Almost everyone. Technology has expanded our ability to collect data directly from partners, in addition to our teams’ roles to collect critical data.
- M&E Specialist teams are hired and managed locally to carry out many of our assessment tools with partner schools.
- The EduFinance Technical Assistance Advisors provide staff trainees with a digital survey link to complete and submit feedback surveys.
- Education Specialists use digital tools to report on partner school engagement at meetings and workshops.
- Schools digitally submit self-reported data on basic school profiles, school quality (self-assessment), school development plans, professional development, and more.
- The Data & Business Intelligence team digitizes and maintains the tools in their various local languages, oversees data quality and mapping of data and analyzes data to be reported out to key audiences.
- EduFinance also establishes research partnerships to design special studies, collect new primary data, and share raw data sets for deeper analysis into specific areas of impact we want to better understand. Research partners include Radical Innovation for Social Change (RISC) at the University of Chicago, Bath Social & Development Research Limited and ZiziAfrique, based in Kenya.
What tools are used to collect data?
EduFinance has developed a range of customized tools aligned with our theory of change to collect qualitative and quantitative data. Examples include –
- School Profile – M&E Specialists conduct in-depth school profiling surveys with EduQuality partner schools, providing a full picture that includes the school’s finances, student enrollment and dropout, teaching staff and facilities. Tracking how this profile data changes for the same school over several years can provide insights into potential correlations between EduQuality and changes in the school.
- School Quality and Behaviour and School Leadership – This survey is designed to track changes in school leader perspectives and behavior over time, recognizing mindset shift is a key dependency of changes in the school. School directors respond to questions on management, policies, community engagement, and teaching and learning approaches.
- Classroom Observation – Classes are attended by M&E Specialists to observe and document the learning environment and the quality of teaching practice.
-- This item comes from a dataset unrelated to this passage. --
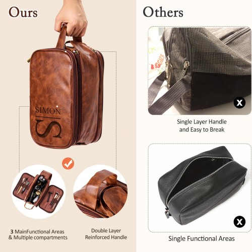 - 【Smooth Double Row Brass Zipper & Double-layer Reinforced Handle】This toiletry bag features a smooth double-row metal zipper to avoid zipper snagging troublesand the handles are reinforced with double stitched seams.
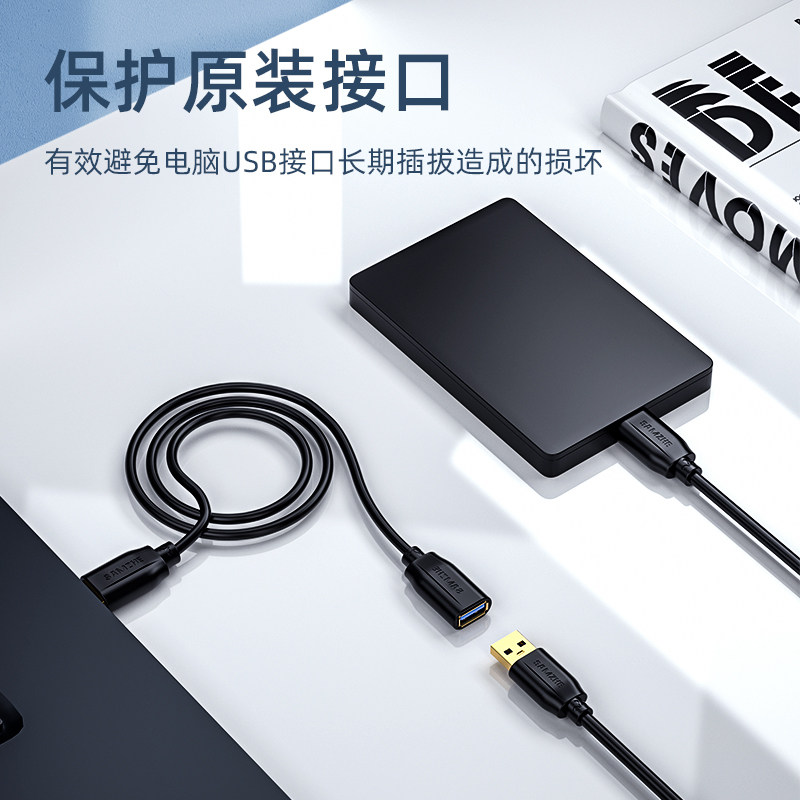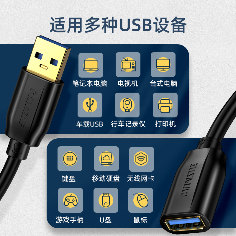 5米电视鼠标打印机电脑键盘U盘转接头车载供电充电扩展器 山泽usb延长线公对母加长数据连接线1

This is the most challenging tool to execute and requires hours of training by each M&E Specialist.
- School Development Plan Assessment - A sample of schools participate in this in-depth survey to understand how the school developed its school development plan, the approach to implementation, and any evidence of improved quality directly linked to the plan implementation.
- Financial Institution Staff Training Feedback – Loan officers, branch managers and risk teams are asked to complete digital surveys after training workshops to share how each training module impacted their own skills. This provides Advisors an understanding of areas the staff may require additional support, and also highlights opportunities to improve modules and/or create additional training modules.
The above is only an illustrative example of the full suite of tools EduFinance has developed to collect primary data for MEL. The team has also built out significant database infrastructure to collect, store, manage and analyze this data.
Here are just a few of the topline stats…
There is nothing static about EduFinance’s MEL approach. We will continue cycles of data collection, analysis, learning, and program adaptations. Our aim is to ensure EduFinance’s model is best aligned to achieve our goal – more children learning and have access to quality education.